Monthly Archives: April 2016

WinMerge

Winmerge is a visual difference application that runs under Windows and that can be a real lifesaver in a great number of situations.

For example, if you are in a programming team and want to synchronize with other members that work on the same source files, you can easily spot the differences and merge your work, and that of the others, in a snap. The interface is very user friendly and very graphical, but after some time everyone should discover that the shortcut keys can speed even more of the workflow.

With the alt+cursor keys you can navigate and merge the differences quickly. The software supports the difference of full trees of directories and you can define filters to visualize only the files that you are interested in. For example, you can exclude the .class files if you are a java developer.

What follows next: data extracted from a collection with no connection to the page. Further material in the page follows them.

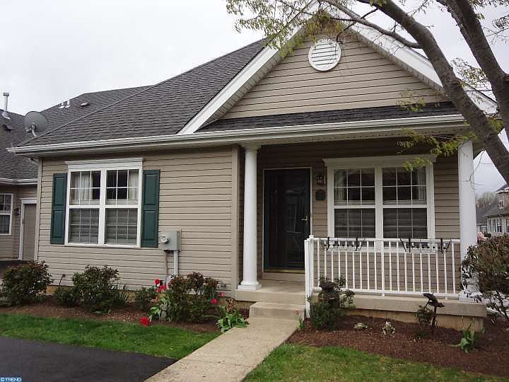 This two story home in the desirable 55+ community of Chancellor Glen offers low maintenance and is move-in ready! The living room with a soaring vaulted ceiling and skylights has hardwood flooring that flows throughout the formal dining room and into the kitchen area with granite countertops, a newer refrigerator, pantry and a conveniently located laundry closet. Also on this level is a powder room with a pedestal sink and a full linen closet. The master suite has a full bath featuring a Jacuzzi tub, stall shower and a walk-in closet. The second bedroom is located on the upper level with a full bath, walk-in closet, and a spacious room that can be used as an office or family room. Also included are ceiling fans in the living room, kitchen and bedrooms, a new dining room chandelier and custom window treatments. A finished basement with built in closets and storage room complete this lovely home in addition to a newly installed hot water heater and new carpeting in the bedrooms. Enjoy this lifestyle and relax on the covered front porch while the lawn maintenance is cared for! The Association also takes care of snow and trash removal and clubhouse amenities include an exercise room, indoor pool and meeting rooms. A 1-car garage leads access to the kitchen and the location is convenient to shopping, restaurants, PA Turnpike, I-95 and Route 1.
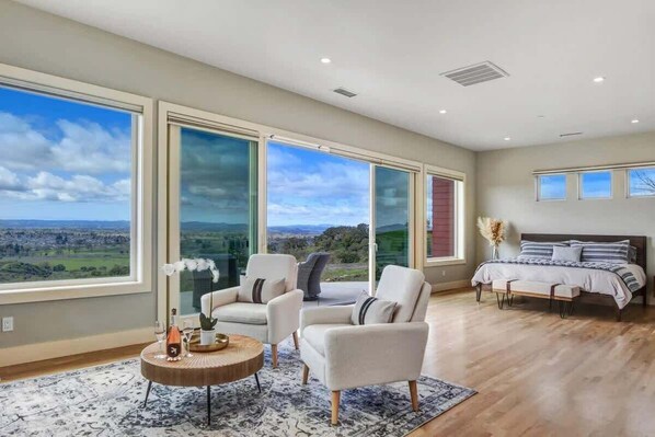 Perched atop a hill, the Sunset House offers breathtaking vineyard views and unparalleled sunsets. This elegant home features 6 bedrooms and 5 baths (5 bedrooms in the main house and a separate 1-bedroom, 1-bath ADU) providing a blend of rustic charm and modern luxury. With spacious living areas, a gourmet kitchen, and multiple outdoor spaces, including a private hot tub and fire pits, the Sunset House is ideal for relaxation and entertainment.
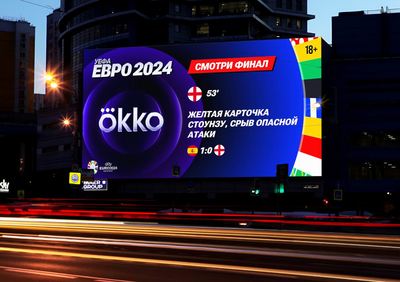 Во время крупного спортивного события медиахолдинг транслировал ключевыемоменты матча, обновляя каждую минуту счет и комментарии на медиафасадах ицифровых экранах Москвы и Московского региона. Специалисты реализовали проектна собственной, запатентованной в России платформе Lightborn.
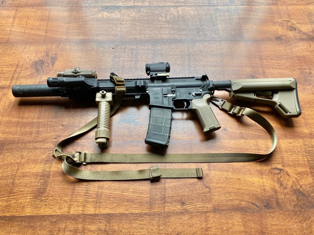 What’s occurred to me over the months is that I’ve pretty much decided on a set of core (but essentially removable) items like the RS Magpul MOE K2 grip (converted for PTW by Tackleberry), RS Aimpoint Micro T2 and mounting platform, RS Colt Canada Charging Handle (modded by Tackleberry); and Bruno’s 3D printed Surefire FA556SA replica – although I did briefly own an Airsoft Artisan can, which never made it into a formal version of my build.
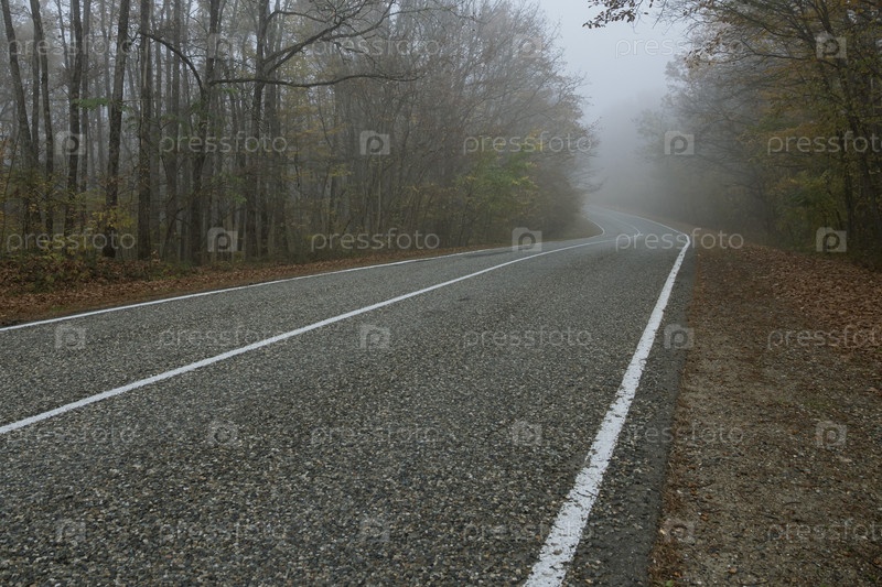 Кривая проселочной дороги с белыми линиями разметки в осеннем туманном лесу. Асфальтовая дорога и лес в тумане

Finally, you can select the “smartness” of the difference display. For example, choosing to ignore the empty lines. On the down side WinMerge has some quirks that can be annoying. The directory difference window is a bit confused, and the version that I have tried had some problems comparing directories over a Samba connection from a Windows PC to a Sun Workstation (nothing serious fortunately). All considered, however, Winmerge is the only windows application that goes near the quality of “Meld” (Unix), and can be recommended without hesitation.

MS Excel Tip

When setting up an MS Excel spreadsheet try naming ranges or cells instead of manually entering complicated labels like A1:E10.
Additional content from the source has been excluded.